Describe keyspace Show list of keyspaces Add a new keyspace with the specified attribute(s) and value(s) Update a keyspace with the specified attribute(s) and value(s) Create a new column family with the specified attribute(s) and value(s) Update a column family with the specified attribute(s) and value(s) Delete a keyspace Delete a column family
Under the hood
The
Cassandra Wiki - Schema Updates describes the operations in good details. Following is the high level summary:
Cassandra uses Schema and Migrations ColumnFamily in system keyspace for maintaining schema and changes to schema respectively. Schema changes done on one node are propagated on other nodes in the cluster Migrations CF tracks individual changes to schema. Schema CF contains reference to the latest version in use Some manual cleanup may be needed if node crashes while schema changes are being applied to the cluster To avoid concurrency issues always push schema changes through one node
Examples
Dropping a Keyspace
Connect to cassandra-cli on a node and run drop keyspace command.

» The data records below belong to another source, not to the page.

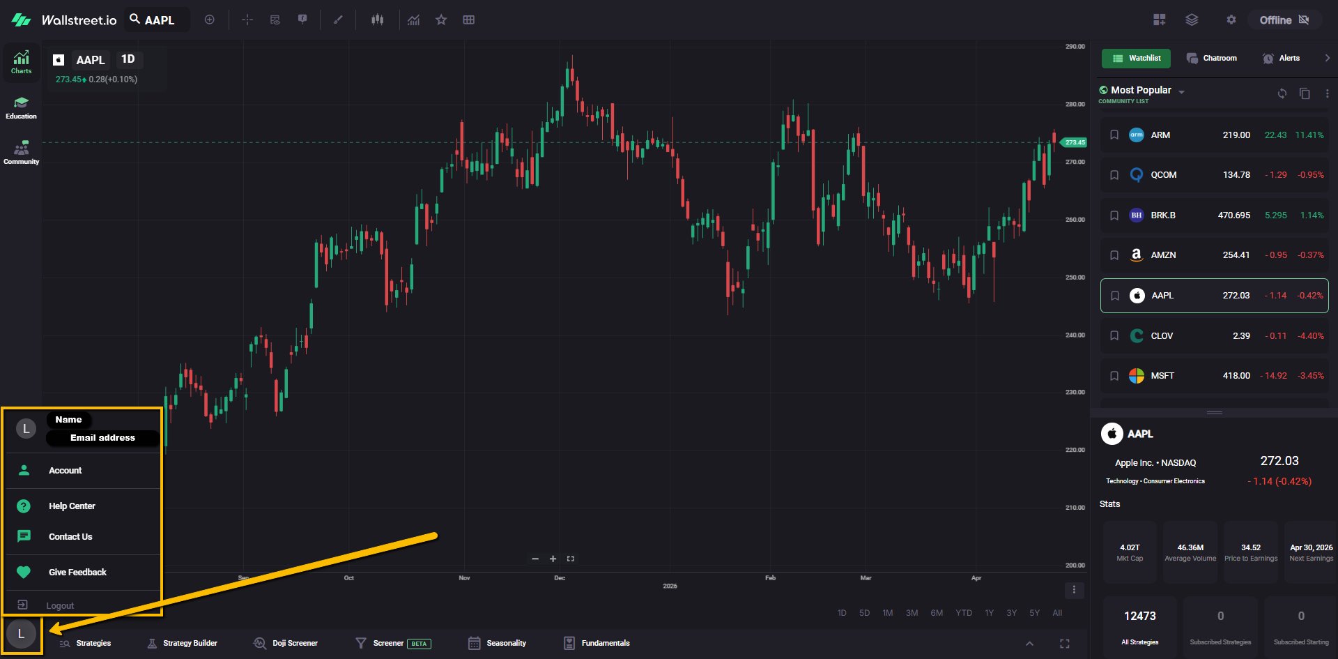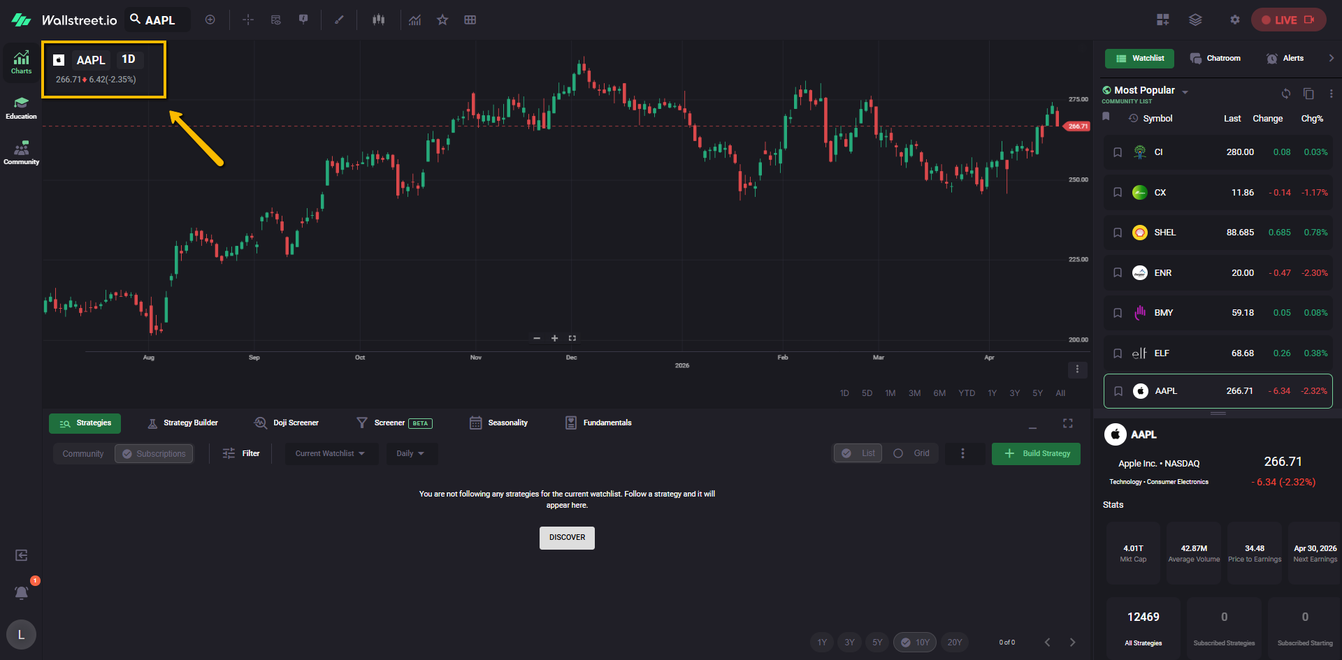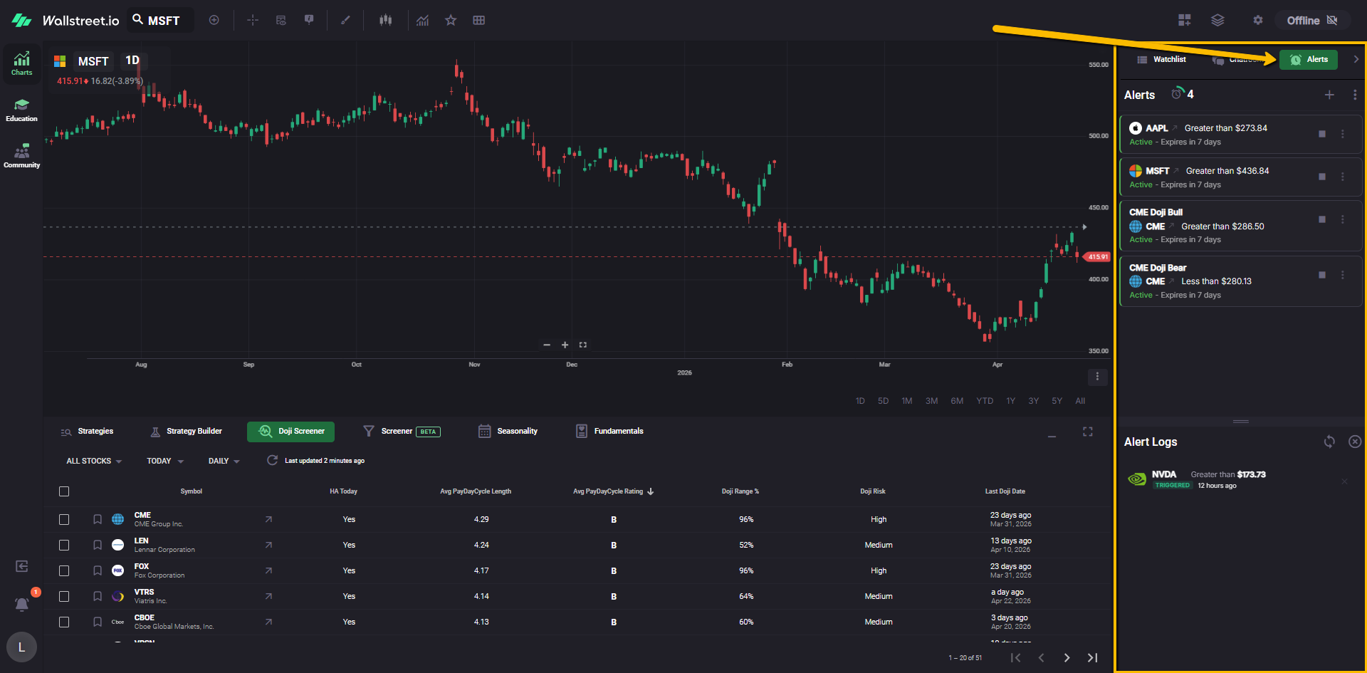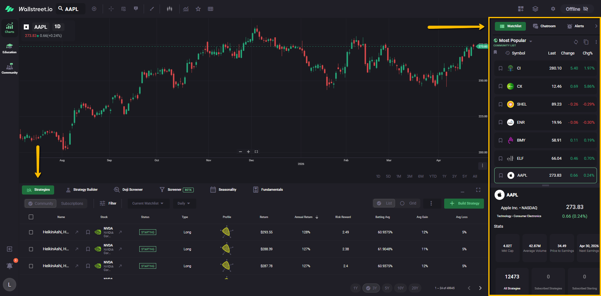 The Charts workspace is the main analysis area and the default workspace you see when you log in. This is where you review symbols, use the chart, explore strategies, open the Strategy Builder, access tools like the Doji Screener, Seasonality, and Fundamentals, and work with right-side utilities such as Watchlists, Chatroom, and Alerts.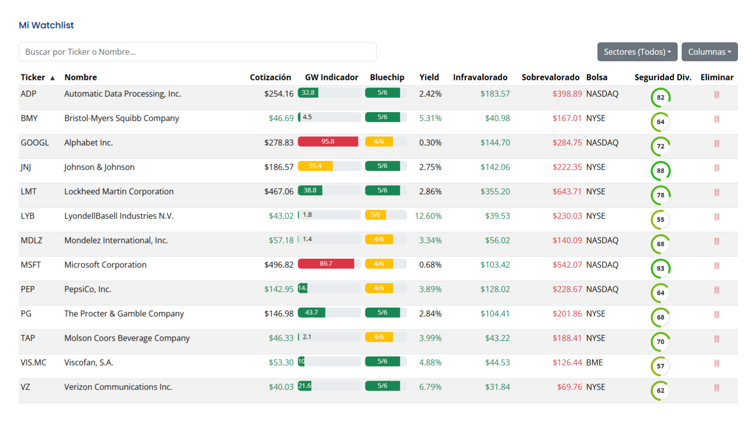 Guarda las empresas que te interesan en tu watchlist personal para un acceso rápido y seguimiento continuo de sus métricas clave y valoración.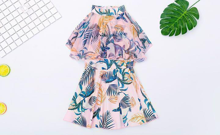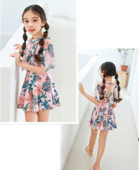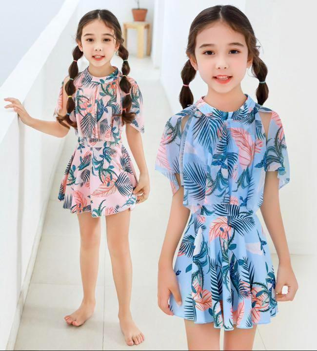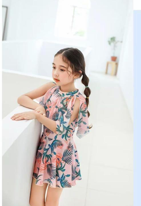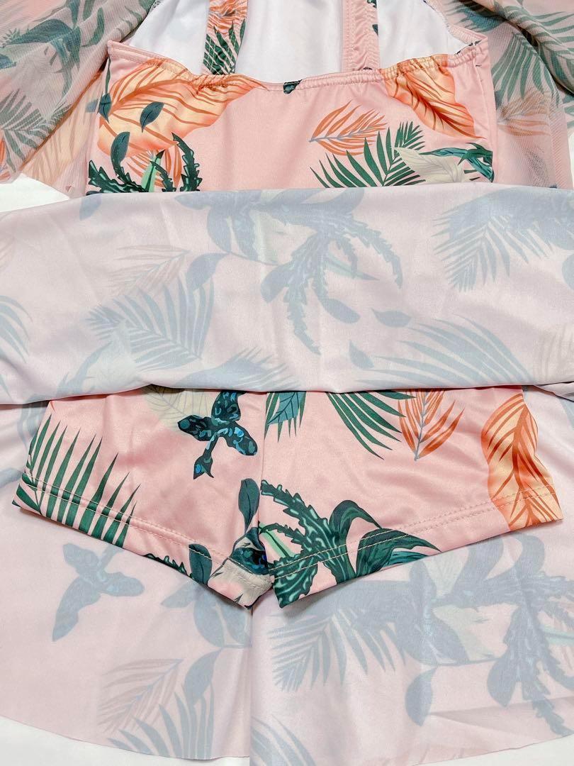 150cm 女の子用ワンピース水着可愛いボタニカル柄♪子ども ガールズ タンキニ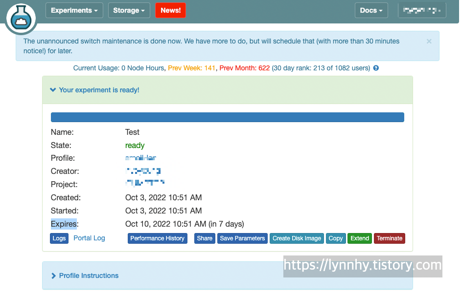 인스턴스가 생성이 되면 사용할수 있는 시간은 Expires 항목에서 확인 가능하다. 처음 생성 시는 16시간인데, Extend 버튼을 눌러 내가 이 프로젝트를 하기 위해 이 인스턴스가 왜 필요한지 이유를 적으면 연장이 가능하다. 7일까지는 자동으로 연장이 가능하고 그 이상 연장을 위해서는 관리자의 허가가 필요하고 허가가 안될 가능성이 높다. 최대 30일까지 반복적으로 연장이 가능하지만 그 이후에는 연장이 안되어 없앤 뒤 새로 인스턴스를 만들어야 한다.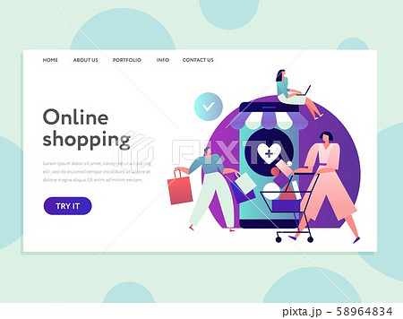 Online shopping landing. Internet purchasing and easy delivery app. E-commerce and secure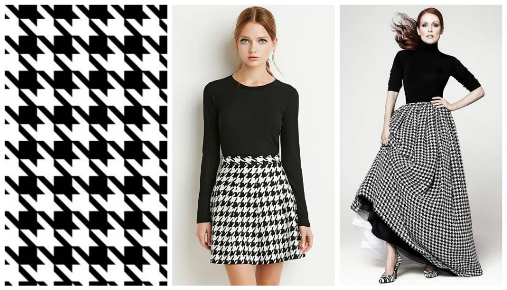 Этот элегантный узор представляет собой деформированные клетки с вытянутыми углами. Во французском языке он называется pied-de-poule («куриная лапка»), а более крупная его вариация получила название «собачий клык». В XIX веке рисунок стал любимым среди британской аристократии, а в 1930-е Коко Шанель сделала его культовым, введя в свои твидовые коллекции.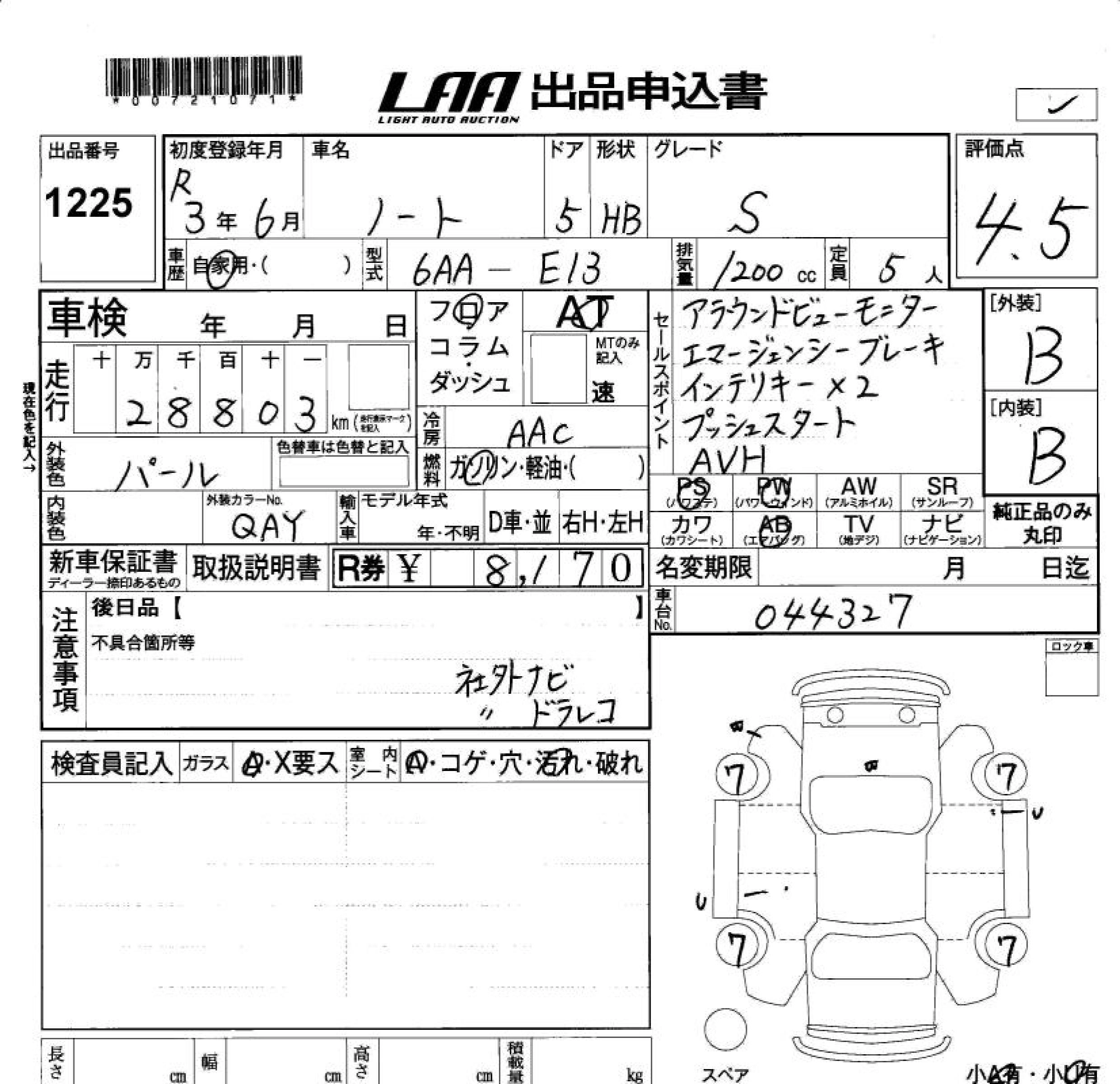 NISSAN NOTE 2021 г., лот № 1225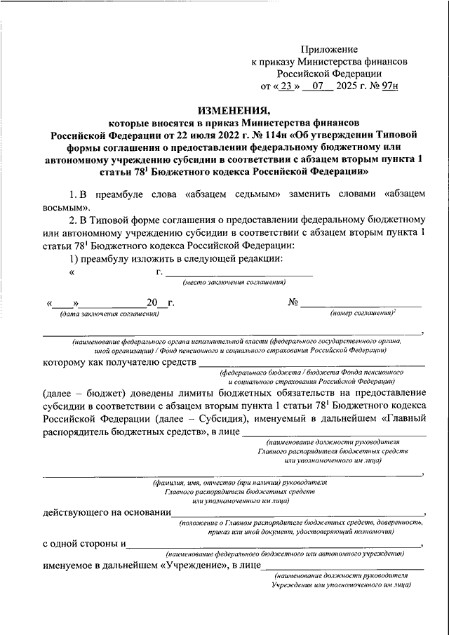 "О ВНЕСЕНИИ ИЗМЕНЕНИЙ В ПРИКАЗ МИНИСТЕРСТВА ФИНАНСОВ РОССИЙСКОЙ ФЕДЕРАЦИИ ОТ 22 ИЮЛЯ 2022 Г. N 114Н "ОБ УТВЕРЖДЕНИИ ТИПОВОЙ ФОРМЫ СОГЛАШЕНИЯ О ПРЕДОСТАВЛЕНИИ ФЕДЕРАЛЬНОМУ БЮДЖЕТНОМУ ИЛИ АВТОНОМНОМУ УЧРЕЖДЕНИЮ СУБСИДИИ В СООТВЕТСТВИИ С АБЗАЦЕМ ВТОРЫМ ПУНКТА 1 СТАТЬИ 78.1 БЮДЖЕТНОГО КОДЕКСА РОССИЙСКОЙ ФЕДЕРАЦИИ"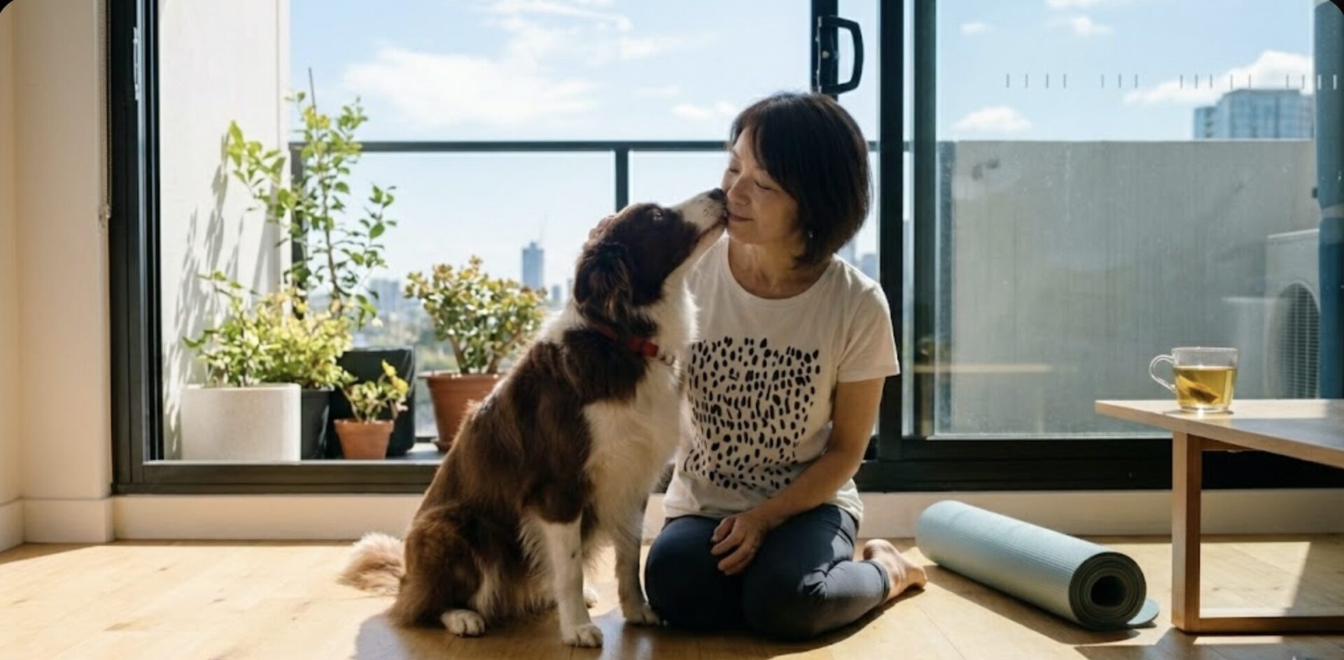 お気に入りのマグカップには、ボーダーコリーの絵が描かれています。すると彼女も犬好きらしく、

[root@rwc-sb6240-1 bin]# ./cassandra-cli
Welcome to cassandra CLI.
Type 'help;' or '?' for help. Type 'quit;' or 'exit;' to quit.
[default@unknown] drop keyspace KeyspaceMigration;
5fba3f1f-4a82-11e0-b8ee-f90f8a3f5e1f
[default@unknown] exit;
[root@rwc-sb6240-1 bin]# Connected to: "NarenCluster072" on 20.17.221.19/9160 [default@unknown] connect 20.17.221.19/9160;
The logs on the node will show following events (DEBUG MODE)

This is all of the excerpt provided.